DATA BLOCK:
-- -- --
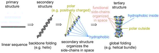 What are the constraints in the choice of basic building blocks (monomers) for these transient polymeric structures? In other words, to what extent was monomer appearance inevitable for life on Earth and how likely is it to expect this component to appear in a living organism elsewhere in the universe [1]? This question is especially frequently asked with regards to amino acid composition [2]. There are 20 + 3 amino acid residues that are templated in the ribosomal synthesis of proteins (coded into proteins). How did these amino acids end up in the protein code is a controversial matter that has been addressed via the analysis of the codon structures, RNAs, metabolic and prebiotic chemistries, physiochemical properties of amino acids, and other chemical and physical perspectives [3,4,5,6]. While questioning the amino acid repertoire, we tend to overlook that the amino acid identities represent only one aspect of the protein architecture: the primary sequence. There is however more to that: secondary structures (e.g., α-helix and β-sheet), motifs (hydrophobic, salt bridges, etc.), and tertiary folding (globular fold and membrane proteins) (Figure 1). Their appearance in protein architecture is rarely discussed or questioned. Meanwhile, this is exactly what the amino acid sequence is supposed to determine. Why do we not turn our perspective and ask ourselves: is it inevitable that proteins should span the membrane when making channels, pumps, or receptors? Or another question: does the α-helix/β-sheet pair have any alternatives in forming the main protein constituting element? Any kind of answer will provide an absolutely new and unique view on the set of the amino acids involved in protein biogenesis. In this article, we will use this perspective to propose a view on the amino acid repertoire establishment.
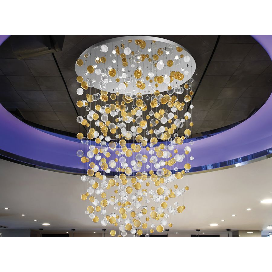 Blown glass spheres that float in the air. The dynamic effect is amplified by the direct light hitting the glass, creating shades of light, multi-formed and iridescent.
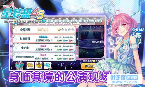 【指尖上的星梦剧院】 公演是SNH48 GROUP的传统,成员们每周都会在“星梦剧院”举行主题公演,其中不乏许多经典的神级公演。《星梦想48》遵循公演流程,将SNH48 GROUP公演与打歌玩法相结合,让游戏成为指尖上的随身“星梦剧院”。想看公演了?打开《星梦想48》看《心的旅程》吧,每周五重置进度!
-- -- --
EXERCISE DIRECTIONS:
No pictures should appear in the copy. Print exactly the lines above from the line containing "Blown glass spheres" through the last line of the data.

WRITTEN SOLUTION:
 Blown glass spheres that float in the air. The dynamic effect is amplified by the direct light hitting the glass, creating shades of light, multi-formed and iridescent.
 【指尖上的星梦剧院】 公演是SNH48 GROUP的传统,成员们每周都会在“星梦剧院”举行主题公演,其中不乏许多经典的神级公演。《星梦想48》遵循公演流程,将SNH48 GROUP公演与打歌玩法相结合,让游戏成为指尖上的随身“星梦剧院”。想看公演了?打开《星梦想48》看《心的旅程》吧,每周五重置进度!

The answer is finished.